## DESCRIPTION OF THE TASK
Output the full listing below exactly as it reads, and skip anything that is a picture.

## DATA SEGMENT
========================================================================

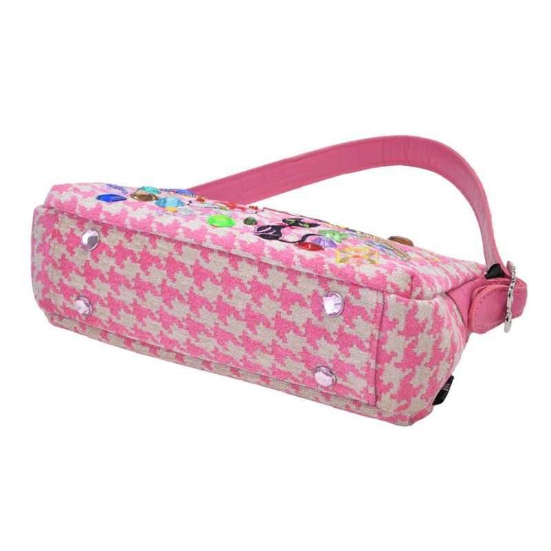 背面にはすぐに取り出したい時に便利なファスナーポケット付き。ファスナー周りのパイピンクにピンクの型押し牛革を使用し、千鳥柄を上品に見せる引き締め効果と高級感のある印象に。
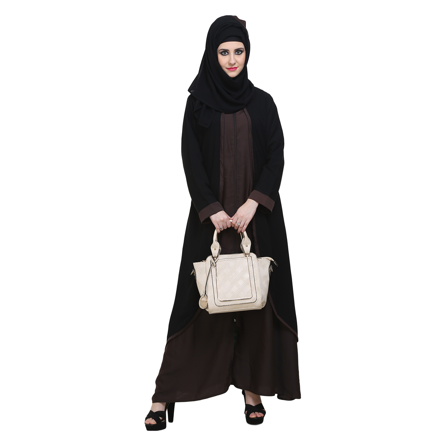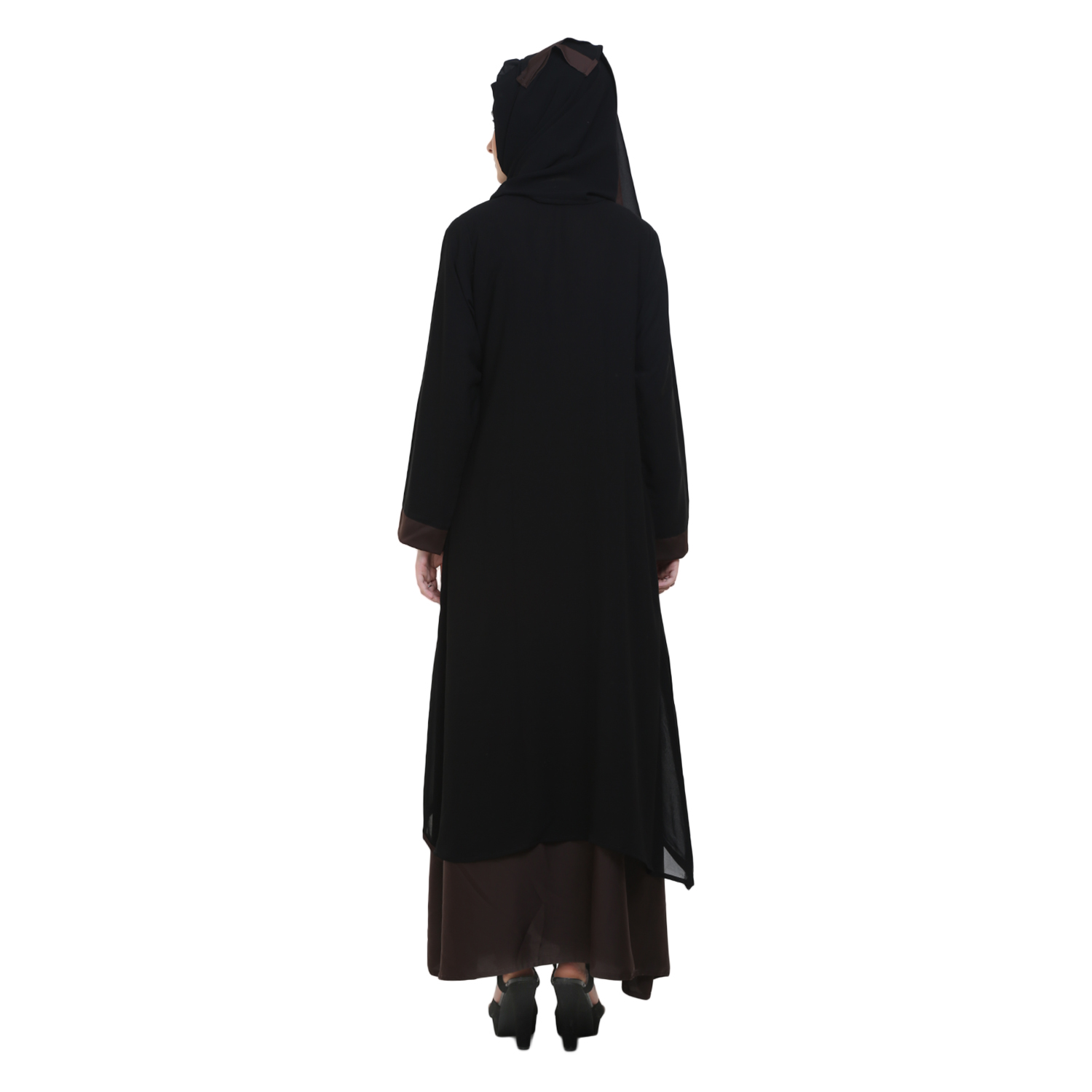 Black & Coffee Nida Double Layer Zipper Front OpenFormal Abaya
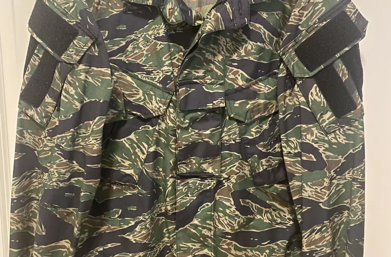 Like new, worn once, Platatac Kurz combat shirt in Vietnam Tiger Stripe, size medium regular. $175 plus shipping. Face to face Kamloops, Merritt, BC Lower Mainland.
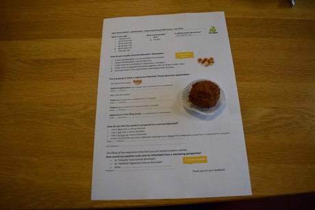 Demoveldcoördinator Arno van Oers test de knolselderij bitterbal uit bij bezoekers van het demoveld met de nieuwste vollegrondsgewassen. Na afloop van een bezoek krijgt iedereen een paar stuks om te beoordelen. Aangezien er de afgelopen weken belangstellenden vanuit heel de wereld kwamen kijken in de "showroom", zoals Arno het demoveld noemt, weet Rijk Zwaan meteen of de knolselderijsnack potentie heeft op de internationale markt.

========================================================================

## RESULT OF THIS TASK
 背面にはすぐに取り出したい時に便利なファスナーポケット付き。ファスナー周りのパイピンクにピンクの型押し牛革を使用し、千鳥柄を上品に見せる引き締め効果と高級感のある印象に。
 Black & Coffee Nida Double Layer Zipper Front OpenFormal Abaya
 Like new, worn once, Platatac Kurz combat shirt in Vietnam Tiger Stripe, size medium regular. $175 plus shipping. Face to face Kamloops, Merritt, BC Lower Mainland.
 Demoveldcoördinator Arno van Oers test de knolselderij bitterbal uit bij bezoekers van het demoveld met de nieuwste vollegrondsgewassen. Na afloop van een bezoek krijgt iedereen een paar stuks om te beoordelen. Aangezien er de afgelopen weken belangstellenden vanuit heel de wereld kwamen kijken in de "showroom", zoals Arno het demoveld noemt, weet Rijk Zwaan meteen of de knolselderijsnack potentie heeft op de internationale markt.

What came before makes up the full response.